It’s a protocol that has yet to be endorsed by the CDC, which is awaiting more data, but has the support of some parents, educators and medical experts.

Here’s what we know:

Test to Stay lauded by educators and experts

The new program has been supported by several studies, including recent findings out of the United Kingdom, which suggests that daily contact testing, following exposure at school, is “a safe alternative to home isolation.” According to the study, the rates of infection in school-based contacts were quite low.

The new protocol is currently used statewide in Massachusetts, and at The Park School, in Brookline, where weekly pool tests are administered for students and staff and the Test to Stay program is used when there is a case.

“We’ve actually had a number of cases, as we’ve come back into the school year,” Scott Young, the head of school at Park, told ABC News.

Outside the school building, socially distanced students, who may have been in contact with a COVID-19 positive person at school, are given rapid antigen tests. It takes 15 minutes for the test to register, and if it comes back negative, students are allowed in class.

In Utah, state law mandates that schools initiate Test to Stay when schools with 1,500 or more students have 2% of their students test positive for COVID-19, and when schools with fewer than 1,500 students have 30 students test positive for COVID-19, within a 14-day period.

Earlier this month, one high school in Tooele, Utah was forced to hold a Test to Stay event after a number of students tested positive. District school officials considered the program a “success” after it detected 30 cases among students when the testing session at Tooele High School.

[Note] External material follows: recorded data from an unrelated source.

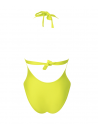 Il se noue élégamment autour du cou et dans le dos. Les bonnets triangulaires mettent en valeur la silhouette, tandis qu’un bijou orné de perles sublime l’entre-gorge.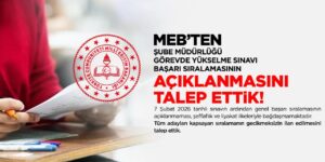 Eğitim-İş, 7 Şubat 2026’da yapılan şube müdürlüğü görevde yükselme yazılı sınavı için genel başarı sıralamasının açıklanması talebiyle MEB’e başvurdu. Eğitim-İş, 7 Şubat 2026 tarihinde gerçekleştirilen Şube Müdürlüğü Görevde Yükselme Yazılı Sınavı’na ilişkin genel başarı sıralamasının açıklanması talebiyle Milli Eğitim Bakanlığı’na resmi başvuruda bulundu. Sendika tarafından yapılan açıklamada, Milli Eğitim Bakanlığı Taşra Teşkilatı bünyesindeki 450 şube … Şube müdürlüğü sınavında başarı sıralaması açıklansın isteği okumayı sürdür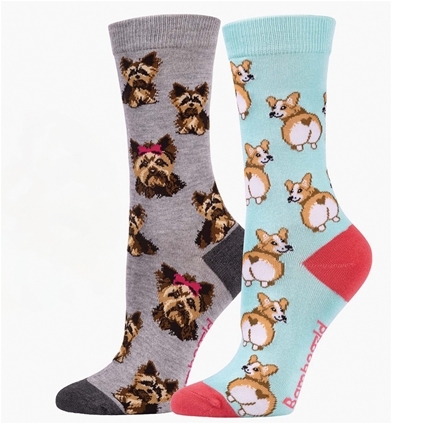 Breathable and naturally hypoallergenic in a stretchy 80% Bamboo Viscose, 15% Polyester, 5% Elastane blend, these socks keep feet cool and comfortable all day. They fit size W2 -8 and each pack includes 2 fun designs.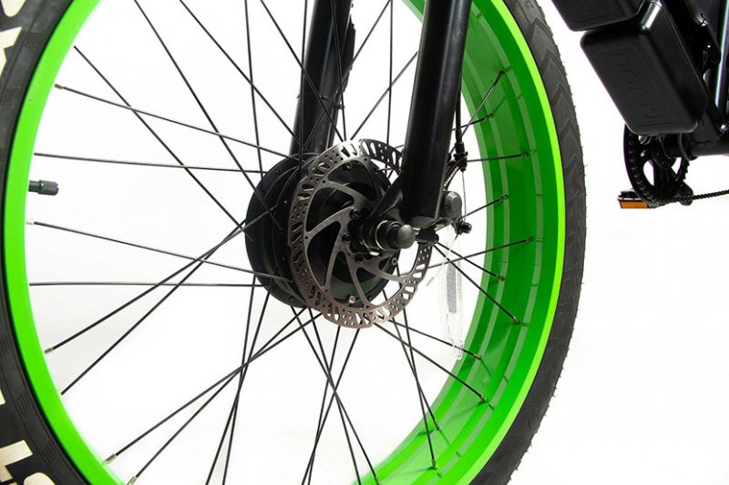 На данной модели электро-фэтбайка установлены дисковые механические тормоза. Также возможен заказ электрофэтбайка с дисковыми гидравлическими датчиками Tektro, которые при нажатии на тормоз отключают мотор. Это сделано для того, чтобы энергия не тратилась зря, если вдруг перед торможением вы забудете отпустить ручку газа.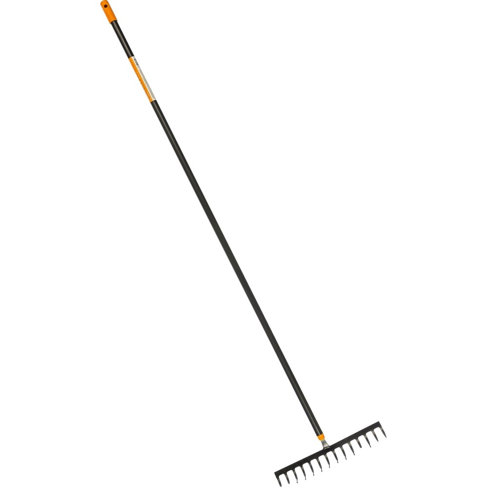 Грабли Fiskars SolidTM 1016036 незаменимый садовый инструмент. Используется для рыхления почвы и уборки опавшей листвы. Рабочая часть изготовлена из закаленной углеродистой стали, что обеспечивает особую прочность и высокую износостойкость инструмента. Длинный алюминиевый черенок имеет малый вес. Это позволяет минимизировать прилагаемое усилие при работе и снизить нагрузку на спину пользователя.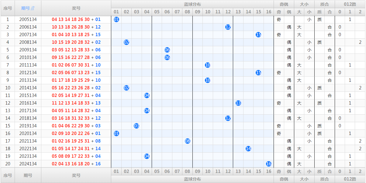 七、历史同期,蓝球开奖号码和走势图(历史数据演示):

“Last year, we had so many days where we had kids out of classes. And we see that in our data, we had numbers drop this year. A lot of this comes from our governor saying, our focus is education. We really want our students to be in class. We want our teachers teaching,” Marie Denson, a representative for the Tooele County School District told ABC News.

Such daily rapid testing has been shown to be an effective tool in prioritizing in-person learning, while seeking to maintain a safe learning environment, particularly when layered with additional measures, like masking and good ventilation, according to John Brownstein, Ph.D., an epidemiologist at Boston Children’s Hospital and an ABC News contributor.

“While rapid tests aren’t perfect, they do provide a robust measure of viral shedding which is a key measure of concern when trying to limit spread in a school,” Brownstein said. “If the goal is to keep kids in schools while reducing transmission, rapid tests actually may provide more value. And when you add the issue of improved timeliness and reduced costs, the utility of rapid tests becomes even more obvious.”

In addition, the seven consecutive days of testing diminishes the danger stemming from potential false negatives, Brownstein added.

Quarantines are highly disruptive, some say

Jami Wolf-Dolan, a psychologist and parent of two young children currently attending an elementary school in Brooklyn, New York, knows firsthand how incredibly disruptive quarantining can be for the entire family, explaining that she is “beyond slammed, right now,” after her son was abruptly shifted to remote schooling, when a classmate became infected in the first weeks of school.

“I have no childcare, I work from home and I have another kid in Pre-K. The impact of this reverberates,” she said.

Across the country, with pediatric coronavirus cases surging, thousands of children are being forced back into quarantine.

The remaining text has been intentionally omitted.